What the task requires: Pictures stay out of the output. Return exactly the lines below from the one with "various street food" down to the one with "[½Åµ¿¾Æ¹æ¼Û ±è±â³² ÃëÀç", both included, and nothing more.

Record set:
______________________________

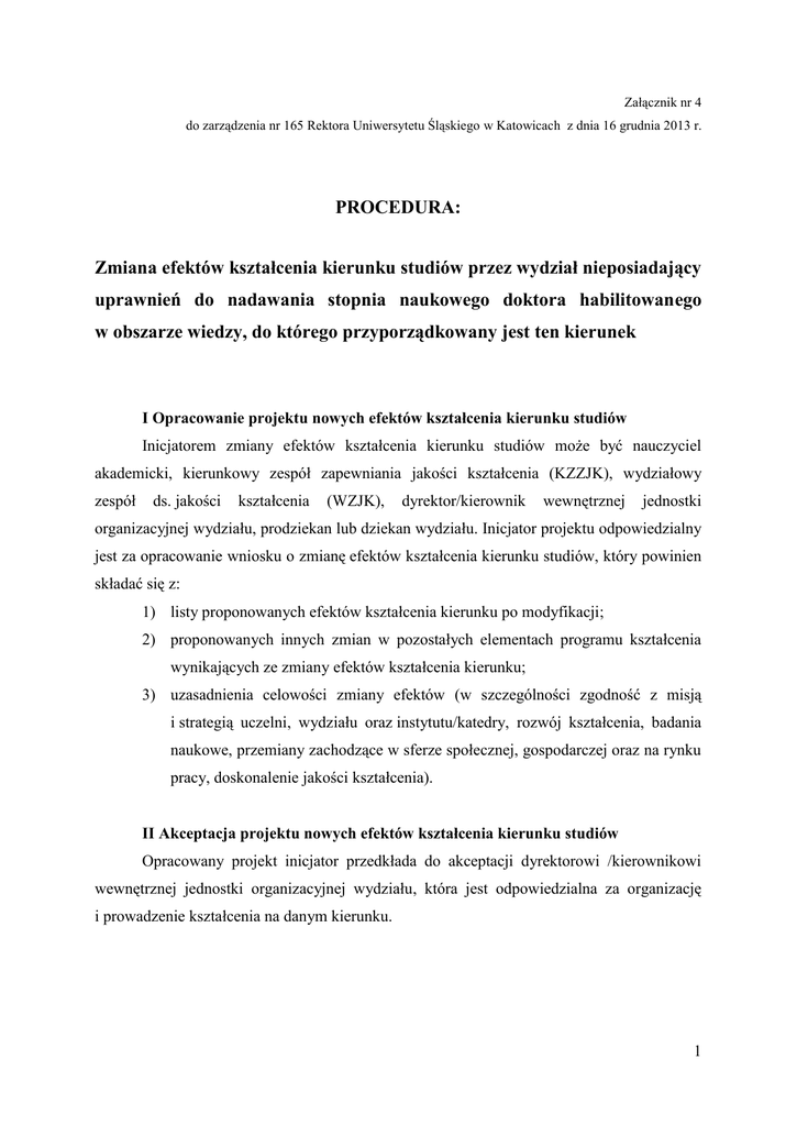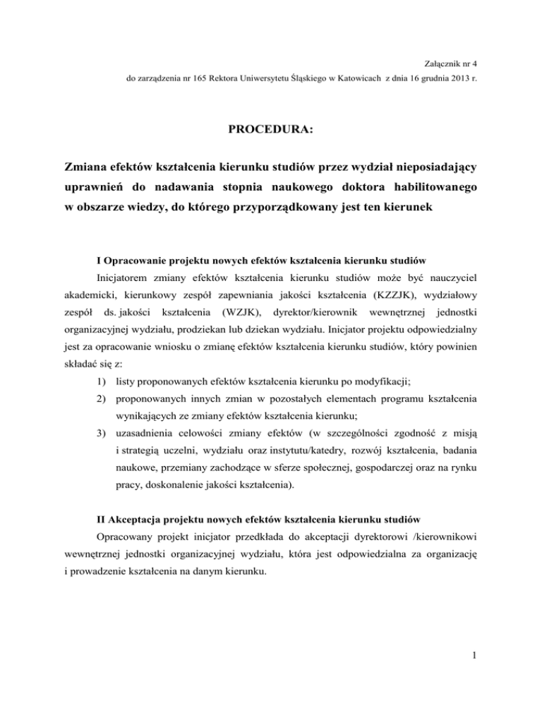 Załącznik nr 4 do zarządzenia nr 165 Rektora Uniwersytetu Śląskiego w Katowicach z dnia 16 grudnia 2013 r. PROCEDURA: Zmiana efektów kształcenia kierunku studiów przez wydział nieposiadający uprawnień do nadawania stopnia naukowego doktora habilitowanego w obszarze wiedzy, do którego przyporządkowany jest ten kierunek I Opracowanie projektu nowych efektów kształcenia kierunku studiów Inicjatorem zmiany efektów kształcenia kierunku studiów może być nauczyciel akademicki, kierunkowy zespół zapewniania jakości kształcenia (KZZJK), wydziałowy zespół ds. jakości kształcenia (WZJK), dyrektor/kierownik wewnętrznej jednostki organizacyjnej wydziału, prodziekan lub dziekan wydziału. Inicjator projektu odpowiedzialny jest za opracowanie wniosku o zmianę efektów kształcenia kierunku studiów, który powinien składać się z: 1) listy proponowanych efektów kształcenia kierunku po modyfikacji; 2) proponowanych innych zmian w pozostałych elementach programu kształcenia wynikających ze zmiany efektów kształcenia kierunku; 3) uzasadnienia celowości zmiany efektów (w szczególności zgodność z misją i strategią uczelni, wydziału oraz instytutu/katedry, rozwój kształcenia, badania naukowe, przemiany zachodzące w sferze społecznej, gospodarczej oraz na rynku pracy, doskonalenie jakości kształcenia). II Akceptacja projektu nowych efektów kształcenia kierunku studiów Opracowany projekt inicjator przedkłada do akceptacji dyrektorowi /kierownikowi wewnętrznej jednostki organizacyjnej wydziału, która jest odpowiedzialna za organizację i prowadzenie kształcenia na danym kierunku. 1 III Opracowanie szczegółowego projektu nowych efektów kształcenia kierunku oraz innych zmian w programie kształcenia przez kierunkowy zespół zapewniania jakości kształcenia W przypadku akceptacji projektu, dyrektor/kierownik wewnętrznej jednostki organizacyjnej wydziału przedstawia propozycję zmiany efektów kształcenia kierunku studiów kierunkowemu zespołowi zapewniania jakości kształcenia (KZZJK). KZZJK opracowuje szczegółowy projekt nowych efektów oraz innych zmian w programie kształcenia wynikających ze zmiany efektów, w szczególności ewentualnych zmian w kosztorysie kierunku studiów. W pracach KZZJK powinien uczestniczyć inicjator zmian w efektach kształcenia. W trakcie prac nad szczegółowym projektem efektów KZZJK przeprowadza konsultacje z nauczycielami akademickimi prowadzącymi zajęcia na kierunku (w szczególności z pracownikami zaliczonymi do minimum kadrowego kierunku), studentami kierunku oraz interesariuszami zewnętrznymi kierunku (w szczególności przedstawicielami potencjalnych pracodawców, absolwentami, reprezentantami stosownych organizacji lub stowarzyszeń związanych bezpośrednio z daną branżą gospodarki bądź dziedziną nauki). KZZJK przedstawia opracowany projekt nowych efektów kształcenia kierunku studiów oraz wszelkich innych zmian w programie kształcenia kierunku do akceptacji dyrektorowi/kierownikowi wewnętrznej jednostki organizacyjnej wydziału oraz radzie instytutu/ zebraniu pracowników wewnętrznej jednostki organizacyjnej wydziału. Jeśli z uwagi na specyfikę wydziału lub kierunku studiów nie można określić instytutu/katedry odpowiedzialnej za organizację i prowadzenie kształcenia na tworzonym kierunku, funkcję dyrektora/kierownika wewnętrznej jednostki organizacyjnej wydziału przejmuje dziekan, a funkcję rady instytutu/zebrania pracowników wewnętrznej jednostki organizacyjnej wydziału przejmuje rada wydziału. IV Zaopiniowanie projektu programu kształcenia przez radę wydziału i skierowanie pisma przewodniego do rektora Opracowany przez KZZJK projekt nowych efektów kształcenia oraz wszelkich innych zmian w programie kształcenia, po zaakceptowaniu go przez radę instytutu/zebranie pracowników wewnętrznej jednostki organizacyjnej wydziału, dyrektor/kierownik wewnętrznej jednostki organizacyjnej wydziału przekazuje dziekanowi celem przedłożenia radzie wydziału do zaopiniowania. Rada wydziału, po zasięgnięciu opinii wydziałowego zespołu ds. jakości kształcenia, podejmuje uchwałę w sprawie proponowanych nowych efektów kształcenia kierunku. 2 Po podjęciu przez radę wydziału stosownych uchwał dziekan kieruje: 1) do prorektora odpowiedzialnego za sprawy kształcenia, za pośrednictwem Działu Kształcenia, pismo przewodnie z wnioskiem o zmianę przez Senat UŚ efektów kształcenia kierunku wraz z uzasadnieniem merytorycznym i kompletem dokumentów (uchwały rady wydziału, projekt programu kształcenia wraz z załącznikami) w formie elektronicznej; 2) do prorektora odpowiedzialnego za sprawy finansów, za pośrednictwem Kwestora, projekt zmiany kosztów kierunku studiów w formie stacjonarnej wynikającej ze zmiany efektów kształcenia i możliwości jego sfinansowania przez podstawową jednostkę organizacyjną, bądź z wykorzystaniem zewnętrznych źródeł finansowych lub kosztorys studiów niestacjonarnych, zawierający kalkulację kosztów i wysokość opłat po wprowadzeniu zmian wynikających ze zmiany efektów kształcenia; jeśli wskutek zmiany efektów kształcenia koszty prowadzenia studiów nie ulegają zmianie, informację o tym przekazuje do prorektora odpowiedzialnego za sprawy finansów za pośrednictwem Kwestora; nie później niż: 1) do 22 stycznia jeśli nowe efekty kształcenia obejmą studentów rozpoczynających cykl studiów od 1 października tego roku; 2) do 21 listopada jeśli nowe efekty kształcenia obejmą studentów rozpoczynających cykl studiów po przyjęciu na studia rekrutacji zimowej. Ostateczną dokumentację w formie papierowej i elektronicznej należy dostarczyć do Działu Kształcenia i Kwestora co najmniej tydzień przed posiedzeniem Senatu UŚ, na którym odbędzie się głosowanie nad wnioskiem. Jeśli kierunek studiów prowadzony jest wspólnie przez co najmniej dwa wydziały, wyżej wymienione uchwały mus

______________________________

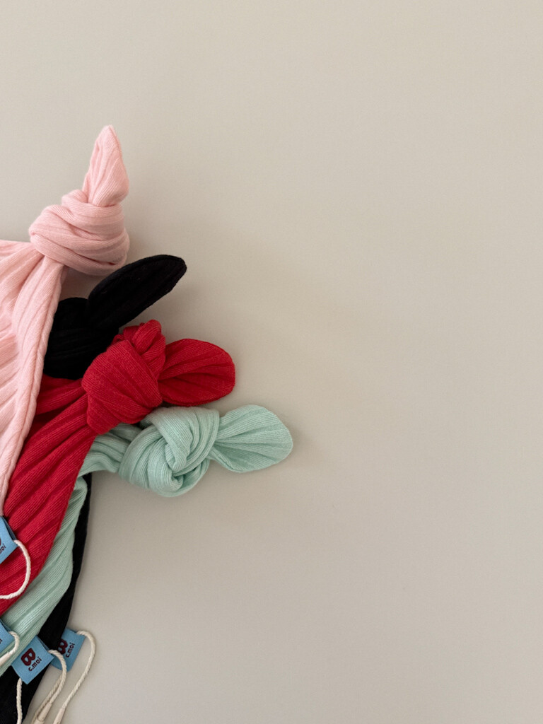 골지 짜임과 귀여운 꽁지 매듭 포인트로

______________________________

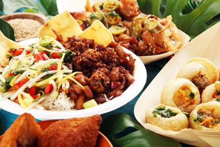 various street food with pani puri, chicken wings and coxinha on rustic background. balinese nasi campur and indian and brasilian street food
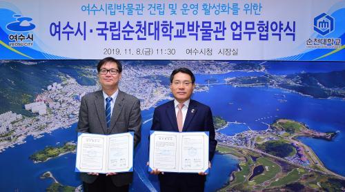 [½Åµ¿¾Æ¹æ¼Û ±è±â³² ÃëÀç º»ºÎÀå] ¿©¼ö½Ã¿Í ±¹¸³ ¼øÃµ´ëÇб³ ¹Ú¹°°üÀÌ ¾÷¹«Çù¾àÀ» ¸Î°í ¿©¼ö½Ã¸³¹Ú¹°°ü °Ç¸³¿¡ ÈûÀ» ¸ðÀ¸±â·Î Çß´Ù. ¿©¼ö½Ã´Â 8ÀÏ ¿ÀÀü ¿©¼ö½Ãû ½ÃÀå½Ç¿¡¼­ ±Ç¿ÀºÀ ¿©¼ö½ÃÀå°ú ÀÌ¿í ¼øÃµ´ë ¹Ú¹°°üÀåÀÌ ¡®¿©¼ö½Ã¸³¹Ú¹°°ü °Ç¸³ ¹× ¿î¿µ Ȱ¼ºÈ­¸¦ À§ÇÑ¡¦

______________________________

Exercise response:
 various street food with pani puri, chicken wings and coxinha on rustic background. balinese nasi campur and indian and brasilian street food
 [½Åµ¿¾Æ¹æ¼Û ±è±â³² ÃëÀç º»ºÎÀå] ¿©¼ö½Ã¿Í ±¹¸³ ¼øÃµ´ëÇб³ ¹Ú¹°°üÀÌ ¾÷¹«Çù¾àÀ» ¸Î°í ¿©¼ö½Ã¸³¹Ú¹°°ü °Ç¸³¿¡ ÈûÀ» ¸ðÀ¸±â·Î Çß´Ù. ¿©¼ö½Ã´Â 8ÀÏ ¿ÀÀü ¿©¼ö½Ãû ½ÃÀå½Ç¿¡¼­ ±Ç¿ÀºÀ ¿©¼ö½ÃÀå°ú ÀÌ¿í ¼øÃµ´ë ¹Ú¹°°üÀåÀÌ ¡®¿©¼ö½Ã¸³¹Ú¹°°ü °Ç¸³ ¹× ¿î¿µ Ȱ¼ºÈ­¸¦ À§ÇÑ¡¦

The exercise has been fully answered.